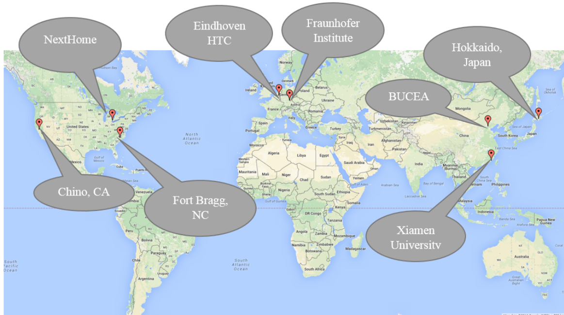
Figure 2. Worldwide Demonstration Sites for DC Distribution in Buildings
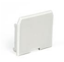
end cap KOZEL without hole (24034)
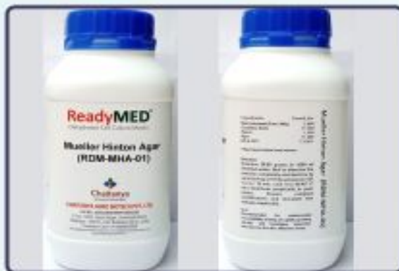
Muller Hinton Agar
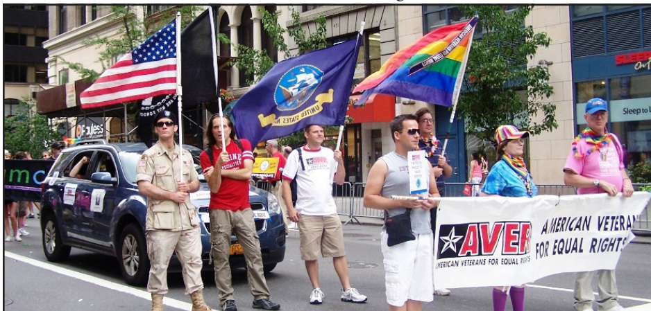
AVERNY in the 2011 NYC Pride Parade
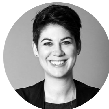
Leyla Acaroglu USA

Visual artist - Exhibited at the British Museum (London), Guggenheim (Bilbao), Centre Georges Pompidou (Paris), ICP (New York)
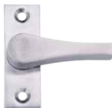
SP3540-T1 Escape Turn

These variations interact directly with the hub mechanism on the lock via a lock spindle (included). Lever variations comply with the requirements of AS1428.1.

• **Exercise objective**
Transcribe the data exactly and leave no picture in the copy.

• **Answer to this task**
Figure 2. Worldwide Demonstration Sites for DC Distribution in Buildings
end cap KOZEL without hole (24034)
Muller Hinton Agar
AVERNY in the 2011 NYC Pride Parade
Leyla Acaroglu USA

Visual artist - Exhibited at the British Museum (London), Guggenheim (Bilbao), Centre Georges Pompidou (Paris), ICP (New York)
SP3540-T1 Escape Turn

These variations interact directly with the hub mechanism on the lock via a lock spindle (included). Lever variations comply with the requirements of AS1428.1.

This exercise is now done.